Intrinsyc’s Ja.NET—Extending the Reach of .NET Remoting

Intrinsyc’s Ja.NET—Extending the Reach of .NET Remoting

Those of you who already know me as The Remoting Guy won’t be surprised to hear that I was positively excited when I read the first announcement of Intrinsyc’s Ja.NET. This product promises to extend the reach of .NET Remoting to Java by supporting bi-directional communication between Java clients or servers and .NET clients or servers. I really couldn’t wait to get my hands on it to test it in some real-world-like scenarios.

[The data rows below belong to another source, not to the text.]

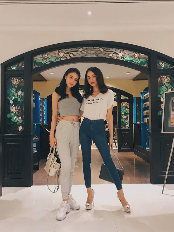 Cao thủ đi giày cao gót chính là HH Hương Giang rồi. Chọn một set đồ năng động, thoải mái với skinny jeans và áo phông nhưng nàng Hậu vẫn xỏ chân trong một đôi cao gót lênh khênh trong khi Á hâu Yoshi chỉ cần giày thể thao thôi là đủ.
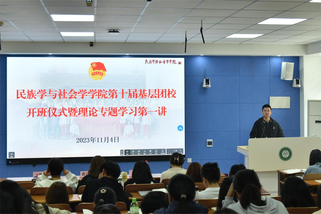 為深入學習貫徹習近平新時代中國特色社會主義思想、加強鑄牢中華民族共同體意識對團員青年的思想引領作用,進一步強化基層團支部組織建設。11月4日上午,學院在10號教學樓209教室舉行2023年基層團校培訓班開班儀式暨團課第一講。黃宗貴教授主講,院黨委副書記王璐璐、各年級輔導員出席儀式,60余名培訓班學員、30余名團學宣傳骨干共同到場學習。開班儀式由院團委副書記馬博博主持。
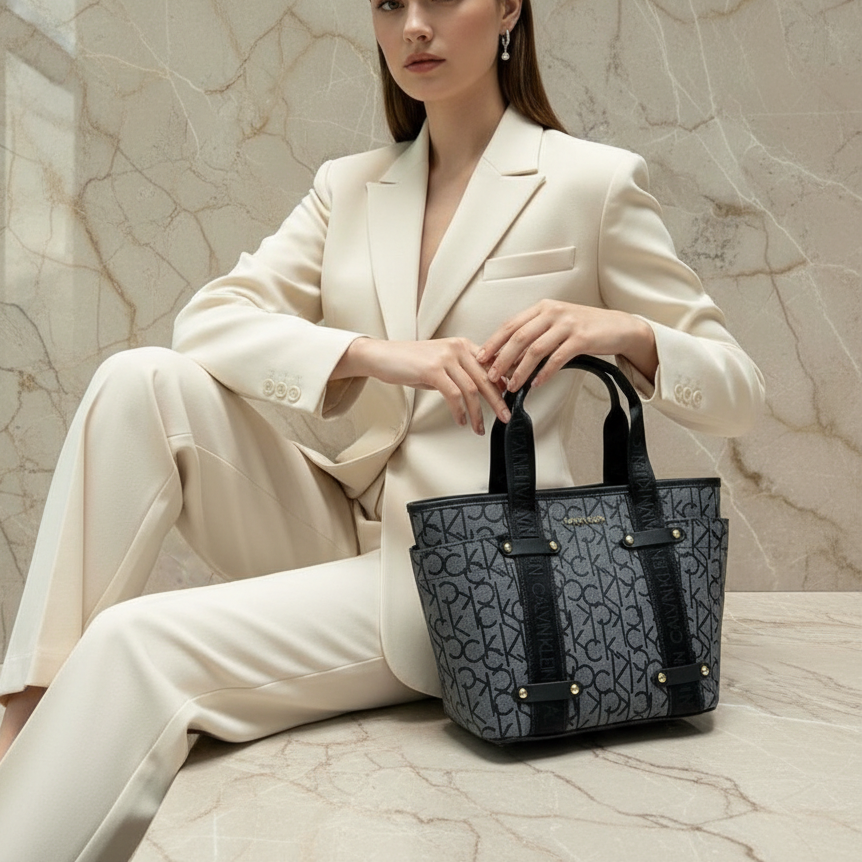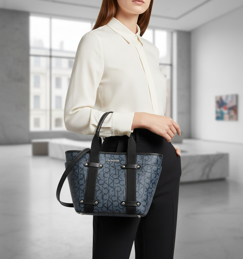 CALVIN KLEIN SATCHEL IN SIGNATURE CHARCOAL BLACK
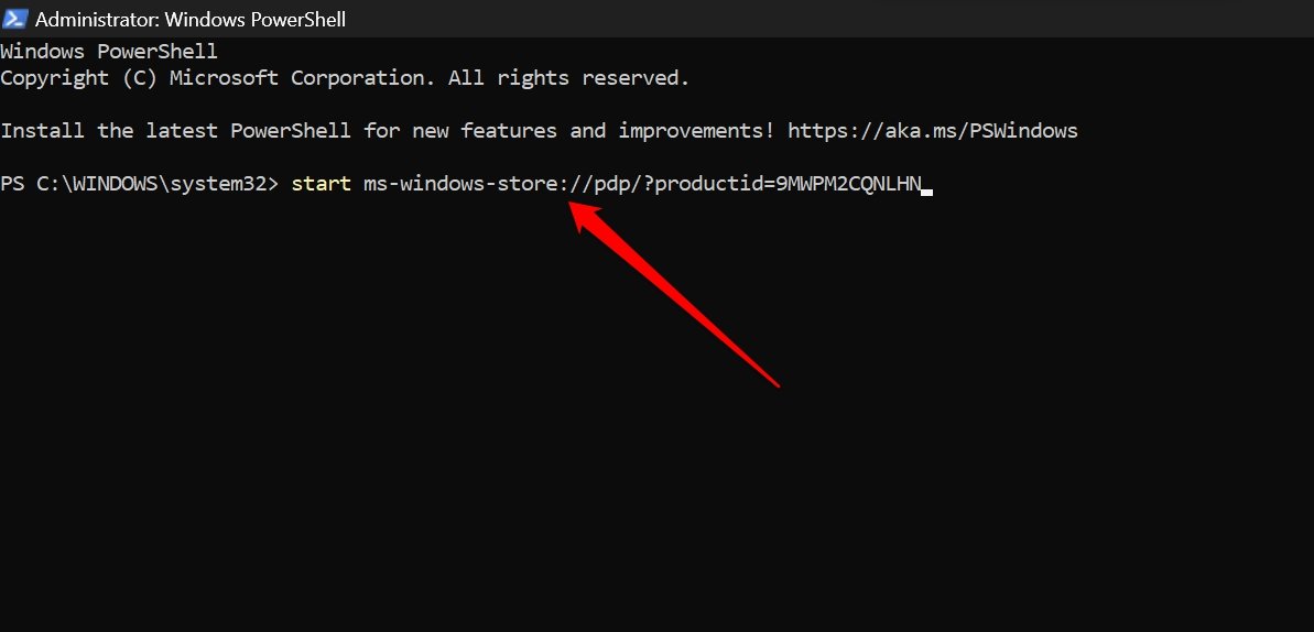 start ms-windows-store://pdp/?productid=9MWPM2CQNLHN
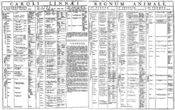 Clasificación del "reino animal" en Systema Naturae de Linneo (1735). El diseño de la nomenclatura binomial dotó a la biología de una herramienta de clasificación científica de primera magnitud
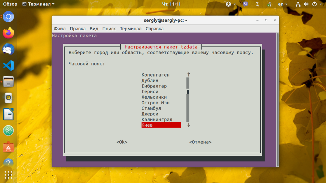 Для создания символической ссылки используйте команду ln -sf. Файл зоны нужно выбрать из доступных в системе. Например, мой часовой пояс — Украина, Киев, для установки будет использоваться следующая команда:
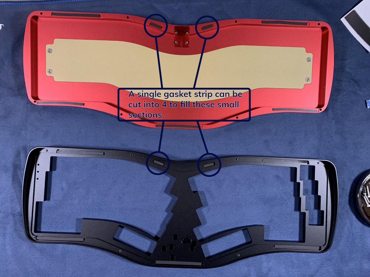 2. Now that your PCB + plate assembly is soldered we can move onto the case! Grab the gasket strips, and start applying them to the top and bottom of the case. There are 4 sections of the case that require smaller strips. These 4 pieces can be cut from 1 longer piece, as seen in the image below. Don't worry about perfect placement, as long as the strip is making full contact in the area you should be good to go!

Download and installation were absolutely straightforward. It was more or less a matter of click next, next, next?done. When downloading Ja.NET for evaluation you will receive a 60-day evaluation license which is sent to you by email.

Author Note: Save the emailed license file to a directory because you will need it later when editing the configuration files.

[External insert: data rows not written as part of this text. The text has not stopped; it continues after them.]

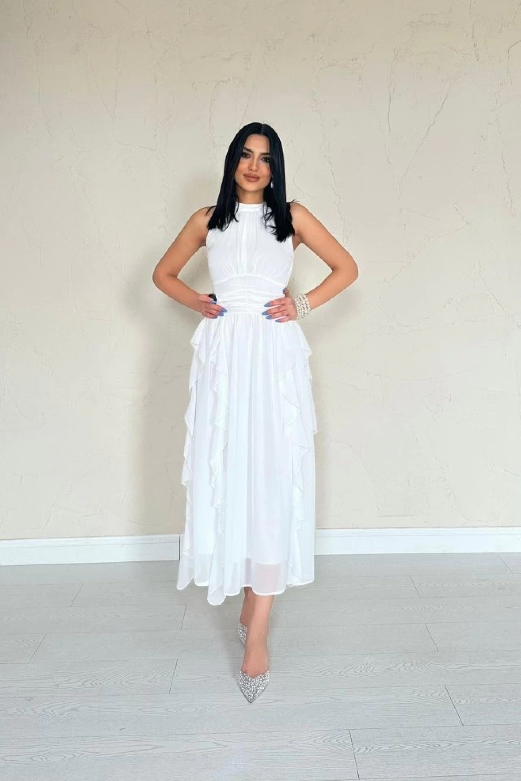 Beyaz Önü Büzgülü Fırfırlı Elbise
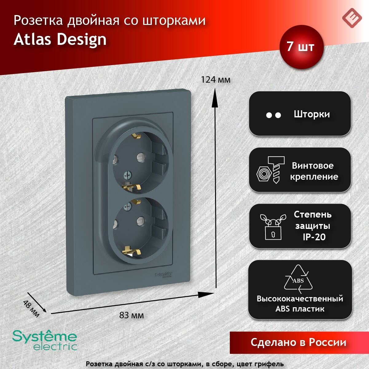 Розетка двойная грифель, с заземлением, со шторками,16А, в сборе, Schneider Electric AtlasDesign (комплект 7шт) информация:
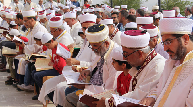 Hatay’ın Kırıkhan ilçesinde 400 imam ve hafız Beyazid-i Bistami Türbesinde bir araya gelerek Barış Pınarı Harekatına katılan askerler için Fetih Süresi okudu.
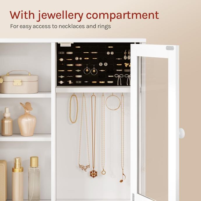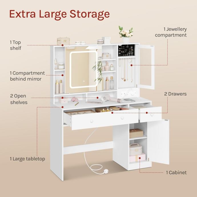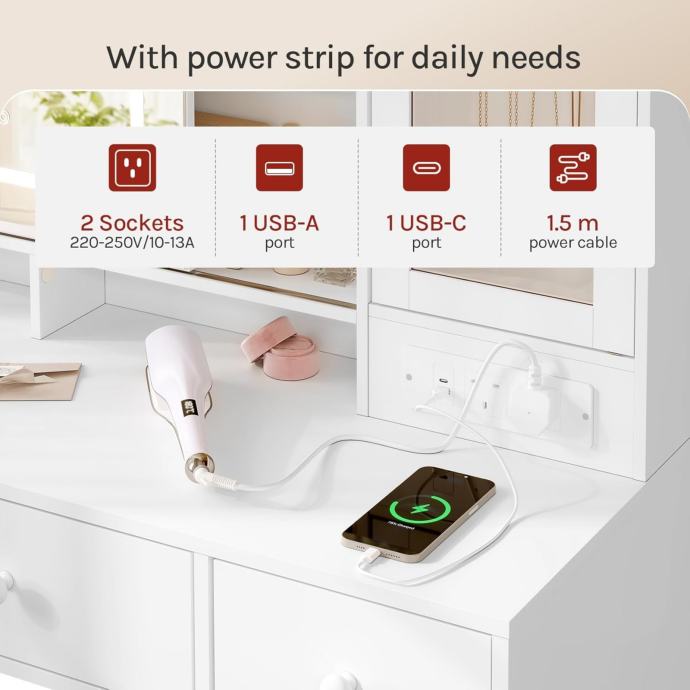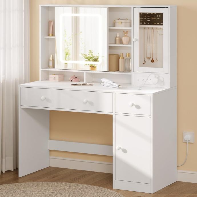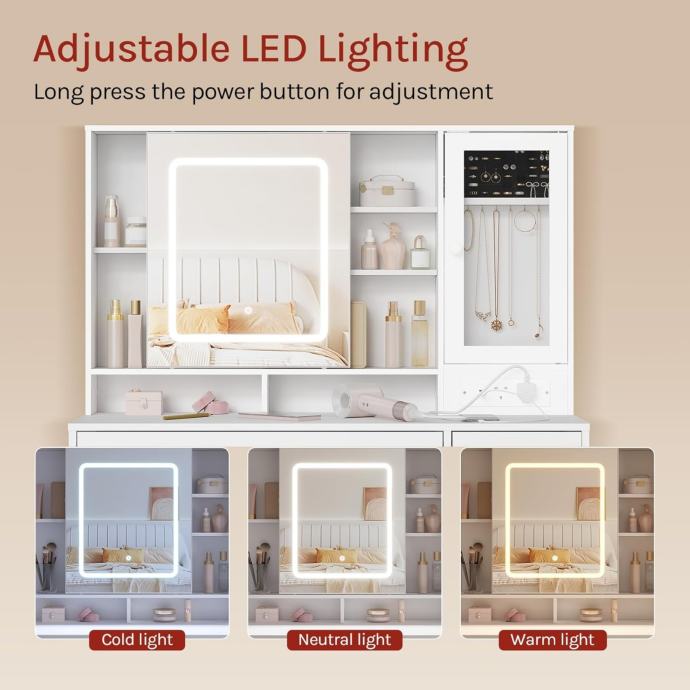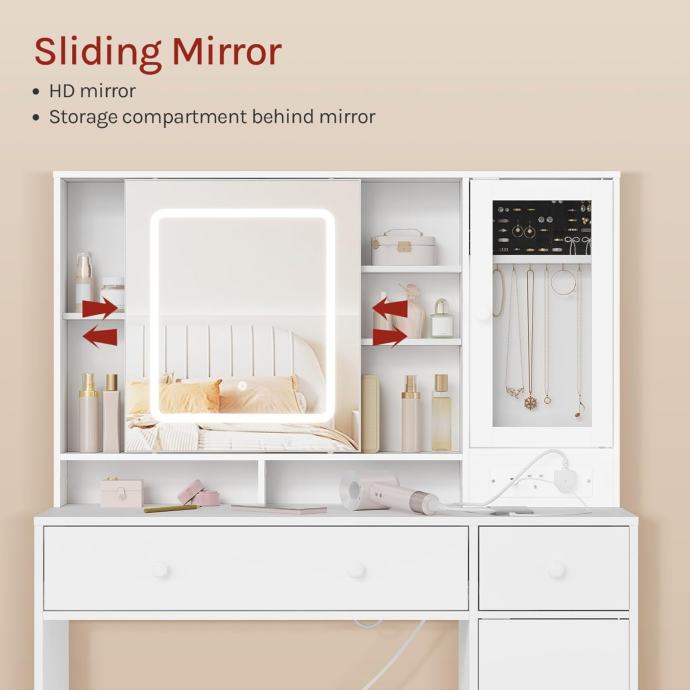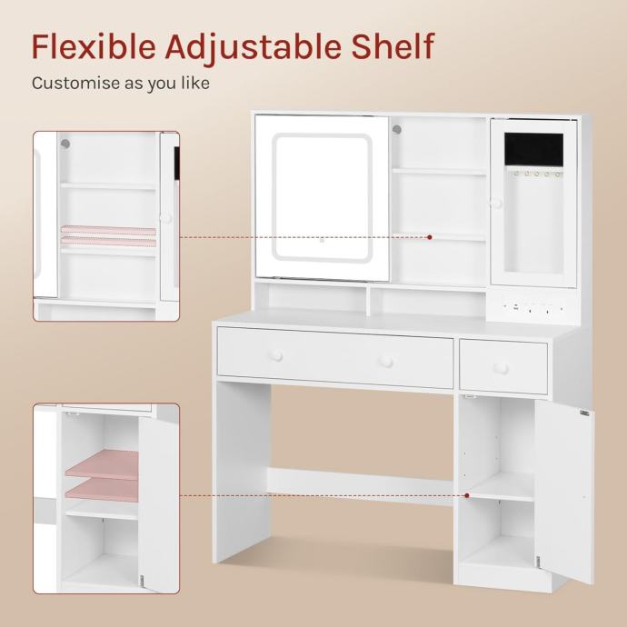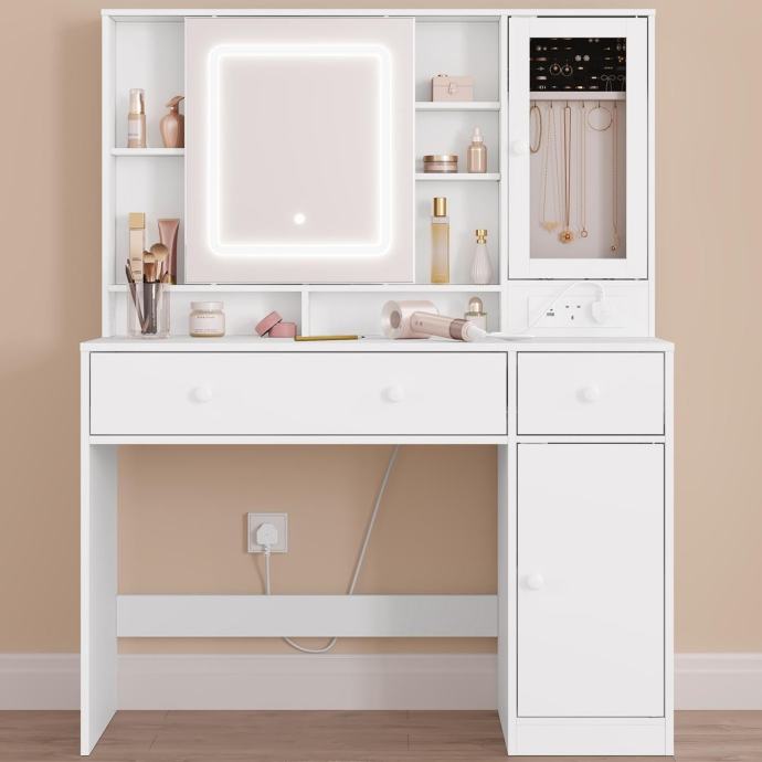 Bijeli toaletni stolić s punjačem, stolić za šminkanje s kliznim ogledalom, LED svjetla s mogućnošću prigušivanja, ladice, ormarić za nakit, bočne police, MB6125ws

Because .NET Remoting lets you pass objects by value or by reference, the first thing I wanted to test is whether Ja.NET fully supports both. To do this, I implemented a set of tests in both Java and C# that check for client side and server side interoperability between Java and .NET.

I started out with the following set of Java classes. Listing 1 shows a factory class (MyFactory) that creates CustomerManager objects (see Listing 2), which manage Customer objects (see Listing 3) each of which may contain an Address class (see Listing 4). These four classes are sufficient to test server-side functionality.

I’m really looking forward to receiving the next version, because the announced features will make Ja.NET a killer application.

Using these classes, you can check the two most important features of .NET Remoting: passing objects by reference, which is implemented as a factory design pattern from within MyFactory, and passing nested object structures by value, implemented by the CustomerManager.GetCustomer() and CustomerManager.StoreCustomer() methods.

After compiling the example you need to take two underdocumented steps.

First, you must generate the .NET proxies that will allow the client to access the remote objects. To do that, switch to a command prompt and start the GenNet proxy generation wizard by running the following command line from the directory where your .class files reside:

   java -classpath c:janetlibgennet.jar;.       com.intrinsyc.janet.gennet.GenNetApp 

Second, wrapper generation does not occur within a Java process; it occurs in a Windows Service installed during the setup of Ja.NET. You must supply the connection information to the service. The manual contains an incorrect URI; the correct URI is tcp://localhost:8001. After adding the classes for which you want to generate proxies, you must select which classes you want to pass by value (as a copy). For the sample above, these will be Address and Customer.

On the next page of the proxy generation wizard, specify the destination assembly name and path for the .NET proxy assembly. Note that you must specify the .DLL extension for the assembly here! In this example, I used the assembly name FirstDotNetProxies.DLL.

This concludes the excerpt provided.